Here’s what’s going on with the stage definitions (parse, fetchCustomer, etc):

  1. The core functional code of each step remains unchanged, but wrapped.
  2. It’s wrapped at the top level into a chain by MakeChain(), which in turn contains a single stage defined by S().
  3. A name is defined for the stage by the first parameter, which leverages rp’s naming utilities to create a function-like string representation. The second parameter is a function literal that defines the stage’s F method.
  4. Variables are now removed from the large handler function’s scope and kept scoped-in to the stages’ F functions. Data gets handed off between stages as-needed by the gin.Context’s Get/Set methods (Notice that keys are reverse domain name format by convention). This is an important part of rp’s structured logging and sets us up for easy parallelization (as seen in part (D)).
  5. Each stage fails back to the default E method for its network response, removing the need for the making repetitive c.JSON throughout the pipeline code. (Note — E can be overridden via the Catch methods in pipeline.go, if needed)

While this may appear cumbersome at first, the refactoring doesn’t take long, and the modular structure creates the core of rp’s most powerful features.

Just like with Part (A), comment / uncomment main() to enable just the (B) implementation, build it, run it, and send the test request via curl.

Logging should now show stage-by-stage execution with success/failure status, stage latency, and the stage name, as we defined in our S() function definitions.

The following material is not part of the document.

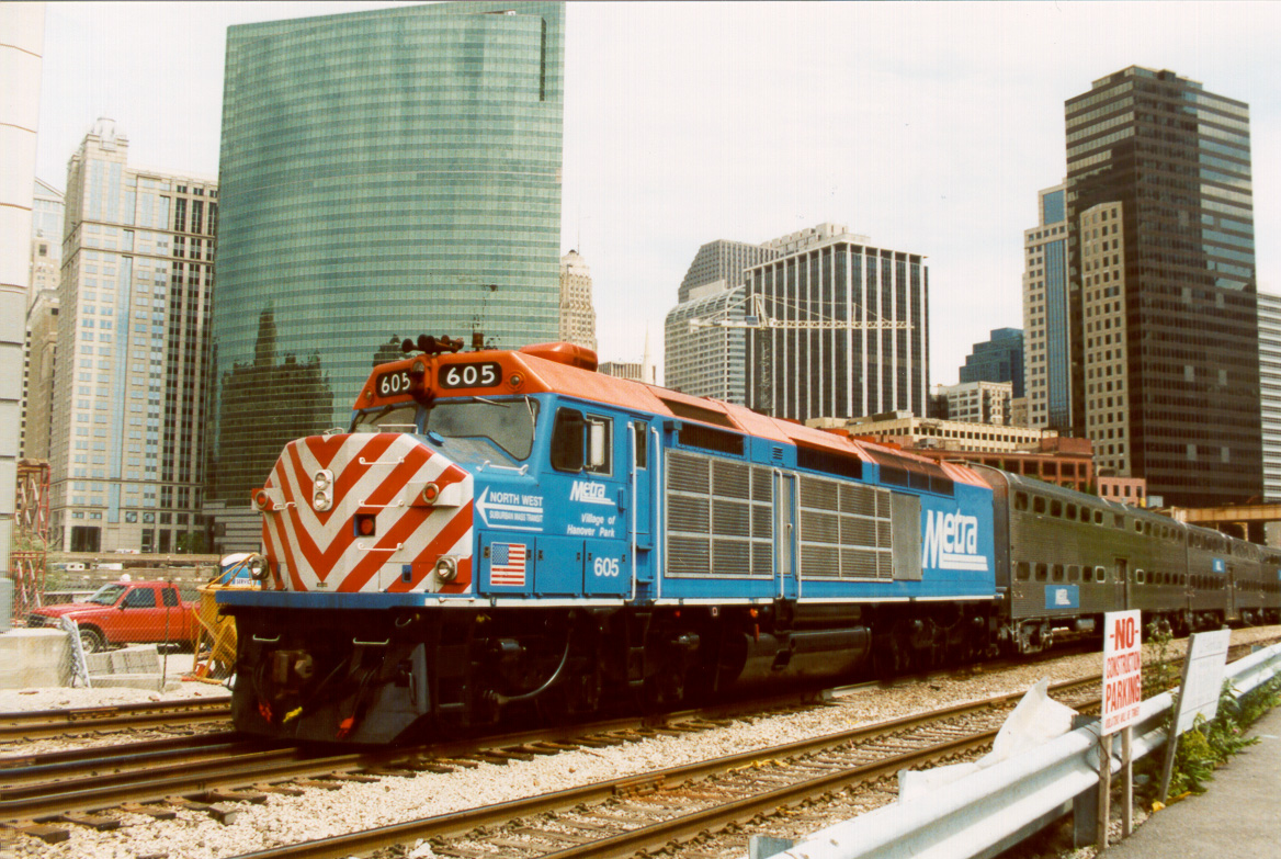 Metra EMD F40C #605 "Village of Hanover Park" on the Milwaukee Road Service near Lake St. Tower, September 2001.
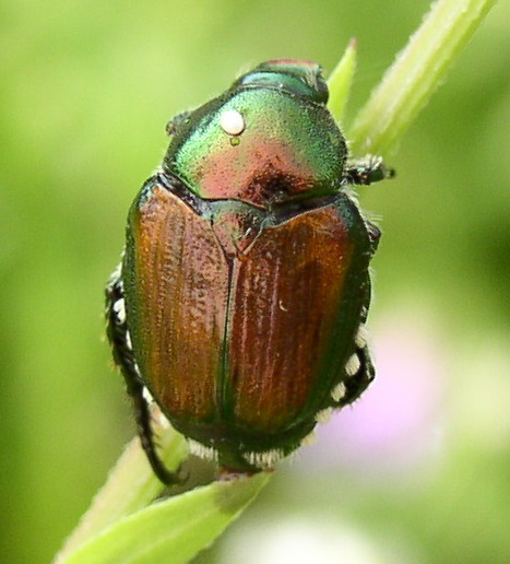 Egg of the tachinid winsome fly (Istocheta aldrichi) on Japanese beetle (Popillia japonica). Tupper Lake, Franklin County, New York, USA. 44.2239° N, 74.4641° W.

Already, this gives us a lot more transparency around sources of latency and allows us to identify points of failure more precisely, at the stage level. We will take this further in (C) and (D).

C) Tidied up implementation in rp: Better precision and cleaner code

PurchaseHandlerWithRP() uses rp’s stage generator libraries to make code more concise while eliminating common, repetitive code. This has the effect of splitting our chains’ single S() stages into multiple component stages, which enables more finely-grained logging and control over pipeline execution.

The tidied up handler function is used for parts (C) and (D), both. Instead of MakeChain(), it often uses the First().Then() pattern so that stages are easy to read from the beginning of each line. You may also notice that (C) and (D) include new middleware; they are following the same general pattern as (B)(4) above, keeping client objects in the gin.Context and out of the large function scope.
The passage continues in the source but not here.